There is so much garbage out there, I'm really happy to find someone who is clear, easy to understand and stays focused on the question at hand. Thanks and keep on doing what you're doing!
As a designer for a contractor and doing thousands of calculations over the years, I always wanted to know the wire size needed in one calculation. I did not want to keep guessing until I got less than 3%. Less complicated method. 2xKxampsxLdivided by 3% of voltage= cm. Conductor properties table will give you needed wire size. Also, for balanced 3 phase 3 wire multiply single phase calculation at end by .86. 1.73/2=.865. And for balanced three phase 4 wire, multiply single phase calc at end times .5. If balanced load, then no neutral current. 1/2=.5. Respectfully submitted, Kevin
...Nice learning video. I also like using Z (the impedance) because it provides a glimpse for the human that impedance plays an important role in voltage delivery to the end point.

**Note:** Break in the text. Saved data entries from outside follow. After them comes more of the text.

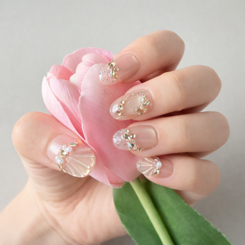 手作りネイルチップ10枚に加え、通常タイプのネイルチップ1セットをおまけとして同梱しております。
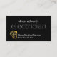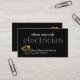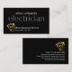 Um cobrir preto apresenta uma sinalização "eletricista" translúcida perto do centro da placa. No topo está seu nome prestigioso com o logotipo do circuito doméstico da lâmpada de ouro que você pode usar na base junto ao nome comercial e aos detalhes de contato. No verso, os detalhes da placa estão à direita com o logotipo dourado no topo. Seguem-se o seu nome prestigiado, os contatos e uma opção de slogan para divulgar seus serviços. Este é um cartão criativo para os eletricistas usarem.
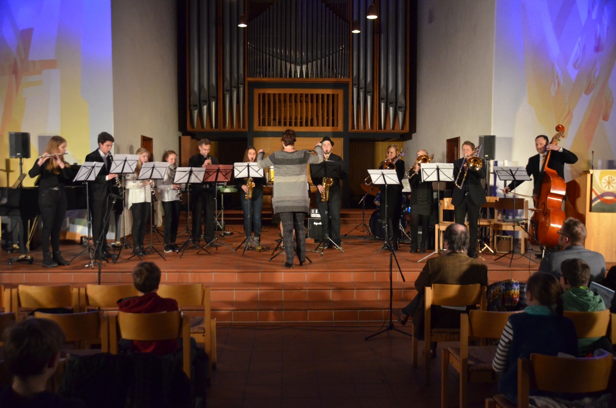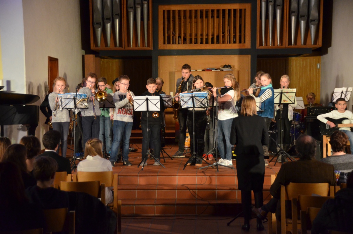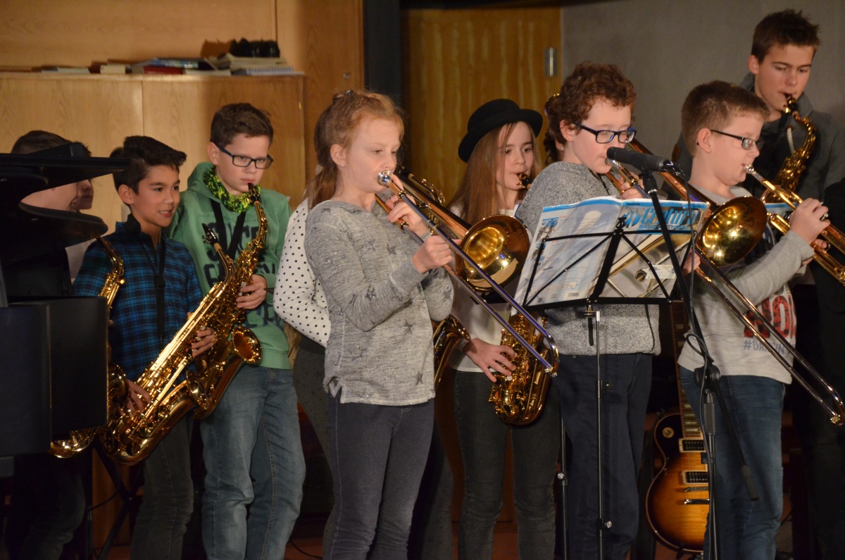 In der ersten Konzerthälfte hatte auch die Bigbandklasse ihren großen Auftritt: Beeindruckend zeigten sich die Fortschritte der Jungmusiker besonders in den Solo-Passagen der Stücke „C-Jam Blues“ und „Good Time“.

Thank you very much for the very clear, detailed and straight forward video lesson. This helps me a lot on my studies. NEC Table 9 have a title of: Alternating-Current Resistance and Reactance for 600-Volt Cables, "3-Phase", 60 Hz, 75C (167F) - Three Single Conductors in Conduit May I kindly consult if we can use NEC Table 9 for 1-Phase circuits? even though the title indicates "3-Phase" Thanks again and more power to your channel.
Thank you for this video. Question for you about the impedance for the single phase case. The Chapter 9 Table 9 of the NEC says in the title that it is for three phase power, but you used it in the single phase case. Is there something in the NEC that indicated that table 9 can be used on the single phase case or is there another table for the single phase case?
GOOD AFTERNOON, I HAVE THE FOLLOWING QUESTION: IF A THREE-PHASE FEEDER IS INSTALLED IN A METAL WIREWAYS, TABLE 9 IS APPLIED TO CALCULATE THE VOLTAGE DROP?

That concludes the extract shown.